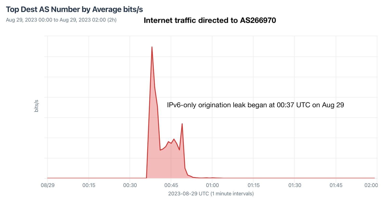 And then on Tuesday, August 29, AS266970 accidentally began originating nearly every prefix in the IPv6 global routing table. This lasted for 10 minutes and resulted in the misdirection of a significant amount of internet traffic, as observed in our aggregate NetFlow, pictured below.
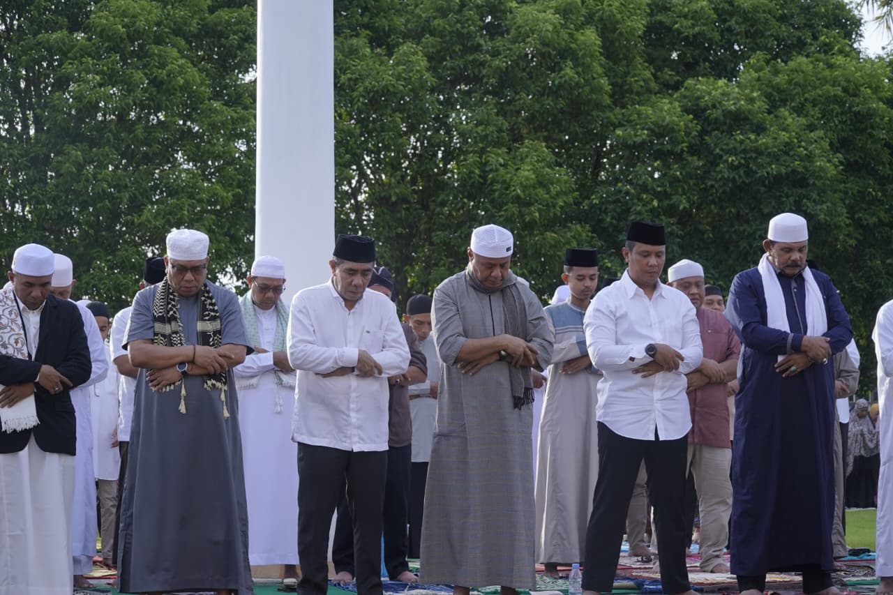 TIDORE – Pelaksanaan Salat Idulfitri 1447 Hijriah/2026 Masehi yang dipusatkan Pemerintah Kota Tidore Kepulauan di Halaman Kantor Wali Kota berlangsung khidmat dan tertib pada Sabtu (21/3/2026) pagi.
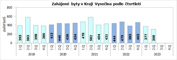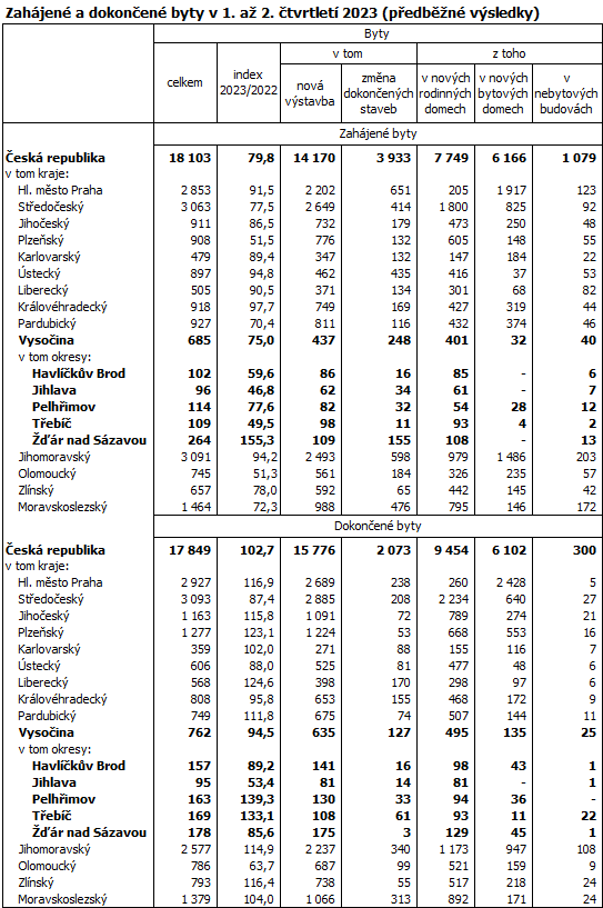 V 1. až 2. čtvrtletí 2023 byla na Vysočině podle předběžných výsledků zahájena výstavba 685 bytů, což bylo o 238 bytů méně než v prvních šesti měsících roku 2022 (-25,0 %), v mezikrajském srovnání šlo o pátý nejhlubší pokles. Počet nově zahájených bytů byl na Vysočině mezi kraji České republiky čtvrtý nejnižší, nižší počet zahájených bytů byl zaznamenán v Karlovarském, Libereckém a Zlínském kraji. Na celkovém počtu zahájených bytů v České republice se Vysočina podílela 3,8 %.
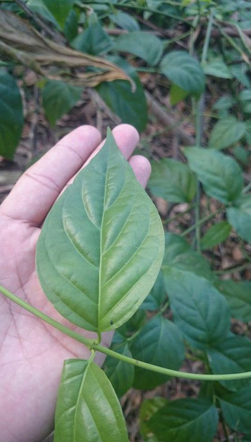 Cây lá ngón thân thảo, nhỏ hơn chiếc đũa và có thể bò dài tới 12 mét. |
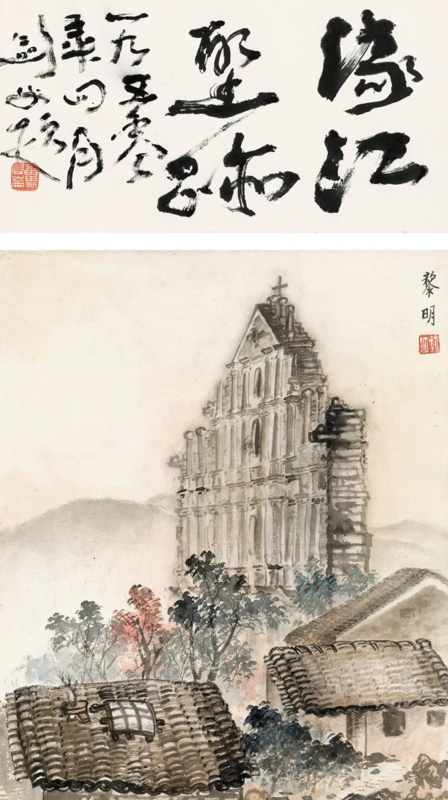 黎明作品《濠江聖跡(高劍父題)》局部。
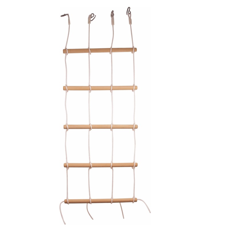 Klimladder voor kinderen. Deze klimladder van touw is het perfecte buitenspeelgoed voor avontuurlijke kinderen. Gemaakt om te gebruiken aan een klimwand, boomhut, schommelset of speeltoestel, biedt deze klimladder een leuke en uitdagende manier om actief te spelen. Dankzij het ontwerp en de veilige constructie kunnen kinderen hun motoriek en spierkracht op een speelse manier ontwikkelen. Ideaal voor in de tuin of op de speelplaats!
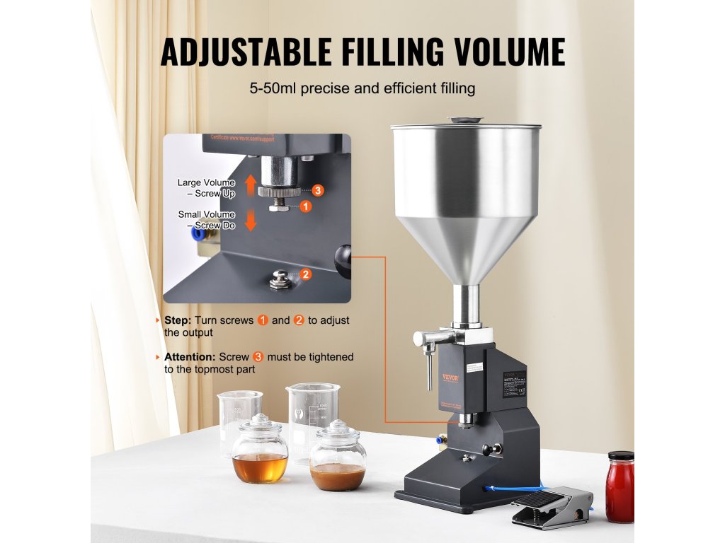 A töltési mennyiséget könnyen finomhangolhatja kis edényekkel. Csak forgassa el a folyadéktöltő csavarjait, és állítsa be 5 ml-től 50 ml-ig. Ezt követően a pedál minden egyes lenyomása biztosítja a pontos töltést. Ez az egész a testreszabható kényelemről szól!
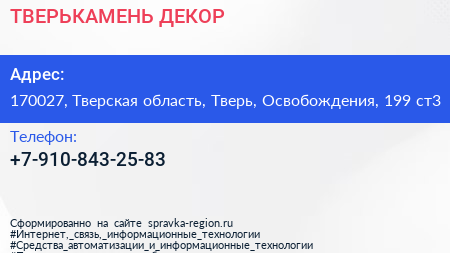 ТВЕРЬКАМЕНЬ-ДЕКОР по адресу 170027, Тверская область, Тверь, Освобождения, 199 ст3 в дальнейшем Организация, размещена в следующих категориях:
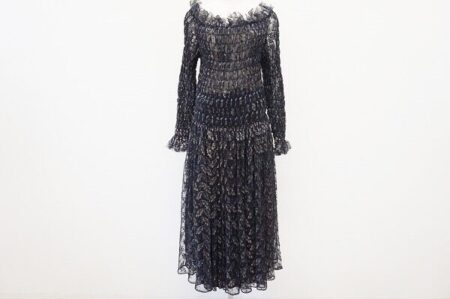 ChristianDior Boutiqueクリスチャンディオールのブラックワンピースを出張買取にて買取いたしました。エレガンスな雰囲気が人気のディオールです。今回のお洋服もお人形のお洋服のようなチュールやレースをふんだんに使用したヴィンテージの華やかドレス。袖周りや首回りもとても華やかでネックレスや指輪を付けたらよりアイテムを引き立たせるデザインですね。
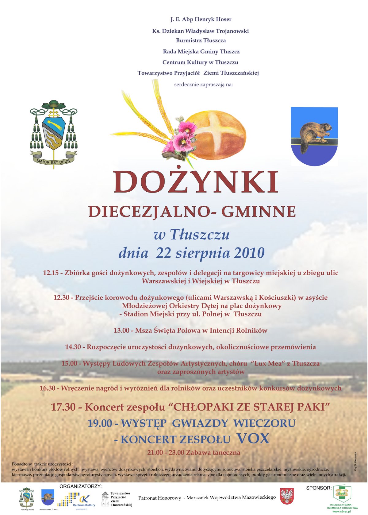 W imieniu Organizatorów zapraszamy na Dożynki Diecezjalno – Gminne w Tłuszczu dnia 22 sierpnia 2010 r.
____
Assigned task
Quote the data above in full and without alteration; skip the pictures.

Problem solution
 And then on Tuesday, August 29, AS266970 accidentally began originating nearly every prefix in the IPv6 global routing table. This lasted for 10 minutes and resulted in the misdirection of a significant amount of internet traffic, as observed in our aggregate NetFlow, pictured below.
 TIDORE – Pelaksanaan Salat Idulfitri 1447 Hijriah/2026 Masehi yang dipusatkan Pemerintah Kota Tidore Kepulauan di Halaman Kantor Wali Kota berlangsung khidmat dan tertib pada Sabtu (21/3/2026) pagi.
 V 1. až 2. čtvrtletí 2023 byla na Vysočině podle předběžných výsledků zahájena výstavba 685 bytů, což bylo o 238 bytů méně než v prvních šesti měsících roku 2022 (-25,0 %), v mezikrajském srovnání šlo o pátý nejhlubší pokles. Počet nově zahájených bytů byl na Vysočině mezi kraji České republiky čtvrtý nejnižší, nižší počet zahájených bytů byl zaznamenán v Karlovarském, Libereckém a Zlínském kraji. Na celkovém počtu zahájených bytů v České republice se Vysočina podílela 3,8 %.
 Cây lá ngón thân thảo, nhỏ hơn chiếc đũa và có thể bò dài tới 12 mét. |
 黎明作品《濠江聖跡(高劍父題)》局部。
 Klimladder voor kinderen. Deze klimladder van touw is het perfecte buitenspeelgoed voor avontuurlijke kinderen. Gemaakt om te gebruiken aan een klimwand, boomhut, schommelset of speeltoestel, biedt deze klimladder een leuke en uitdagende manier om actief te spelen. Dankzij het ontwerp en de veilige constructie kunnen kinderen hun motoriek en spierkracht op een speelse manier ontwikkelen. Ideaal voor in de tuin of op de speelplaats!
 A töltési mennyiséget könnyen finomhangolhatja kis edényekkel. Csak forgassa el a folyadéktöltő csavarjait, és állítsa be 5 ml-től 50 ml-ig. Ezt követően a pedál minden egyes lenyomása biztosítja a pontos töltést. Ez az egész a testreszabható kényelemről szól!
 ТВЕРЬКАМЕНЬ-ДЕКОР по адресу 170027, Тверская область, Тверь, Освобождения, 199 ст3 в дальнейшем Организация, размещена в следующих категориях:
 ChristianDior Boutiqueクリスチャンディオールのブラックワンピースを出張買取にて買取いたしました。エレガンスな雰囲気が人気のディオールです。今回のお洋服もお人形のお洋服のようなチュールやレースをふんだんに使用したヴィンテージの華やかドレス。袖周りや首回りもとても華やかでネックレスや指輪を付けたらよりアイテムを引き立たせるデザインですね。
 W imieniu Organizatorów zapraszamy na Dożynki Diecezjalno – Gminne w Tłuszczu dnia 22 sierpnia 2010 r.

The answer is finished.